Smith, S.Z., & M.E. Smith, eds. 2006. Teachers Engaged in Research: Inquiry into Mathematics Classrooms, Grades Pre-K–2. Greenwich, CT: Information Age. 235 pp. ISBN 1-59311-495-8. $39.95.

These teachers' accounts provide a look inside the teaching and learning of math for young children and highlight the power of using an inquiry approach to help teachers deepen their knowledge of math content and their understanding of children's learning processes. This book originated from efforts by the National Council of Teachers of Mathematics to expand traditional conceptions of research in mathematics by including practitioner inquiry.

The chapters address issues that matter to teachers and detail ways to research those issues. The authors focus on a challenging aspect of teaching math—how to gain insight into children's thinking and understanding and then use this insight to promote further understanding. They use excerpts of classroom discussions and samples of children's work to illustrate children's reasoning and sense-making about topics like odd and even numbers, the properties of addition and subtraction, linear measurement, and shape and dimension. Teachers and teacher educators describe the kinds of collaborative work with other teachers and the professional development experiences that help them consider and reconsider strategies and materials needed to support day-to-day decisions.

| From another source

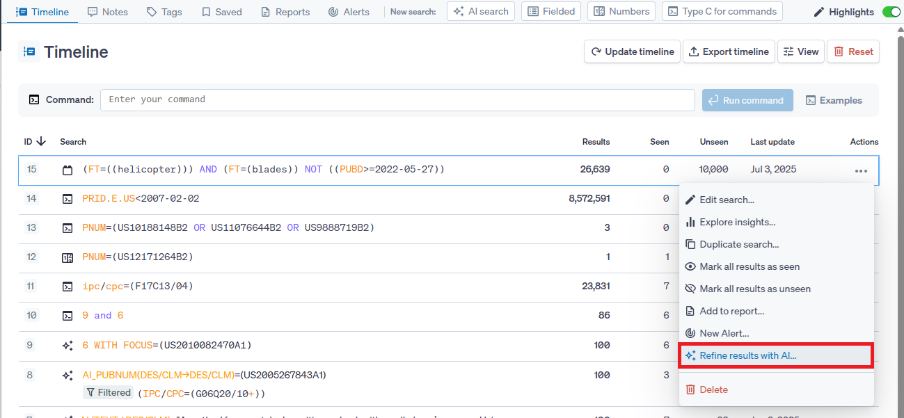 Refine results with AI".
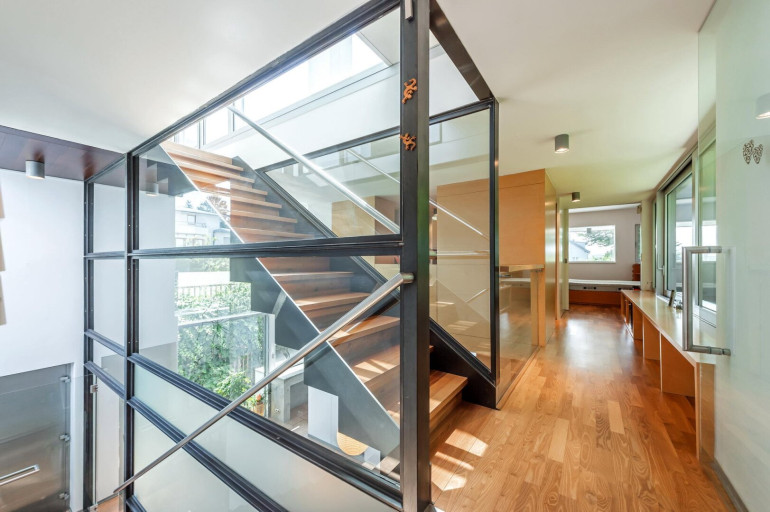 Die moderne Architektur und Innenausstattung beeindrucken mit vielen Glasflächen und entsprechend hohem, natürlichen Lichtanteil mit Raumhöhen, die bis zu ca. 5m betragen und somit ein einzigartiges Raumgefühl und exclusive Lebensqualität vermitteln. Zusätzlich erfreut sich der Mieter im Bereich der Unterkellerung von 60m² an einem hochwertigen Hobby-/Fitnessraum, inklusive finnischer Sauna und Wellnessbereich.

Zigler, E., W.S. Gilliam, & S.M. Jones. A Vision for Universal Preschool Education. New York: Cambridge University Press. 279 pp. ISBN 0-521-61299-3. $29.99.

The authors argue that now is an opportune time to create a national preschool program for all children from birth through the transition to kindergarten. They make recommendations for designing, implementing, funding, and evaluating an optimal preschool program and provide a rationale and model for people who can make universal preschool a reality—leaders in early education, economists, philanthropists, business leaders, and policy makers.

Chapters address the economic returns and lasting benefits for investment in high-quality preschool education and include familiar early childhood components, such as the necessity to meet the needs of the whole child, school readiness, comprehensive services, parental involvement, well-trained and -compensated teachers. Believing that universal preschool should be the province of states, the authors propose a combined funding adequate to support high-quality programs, periodic monitoring, and quality enhancement efforts.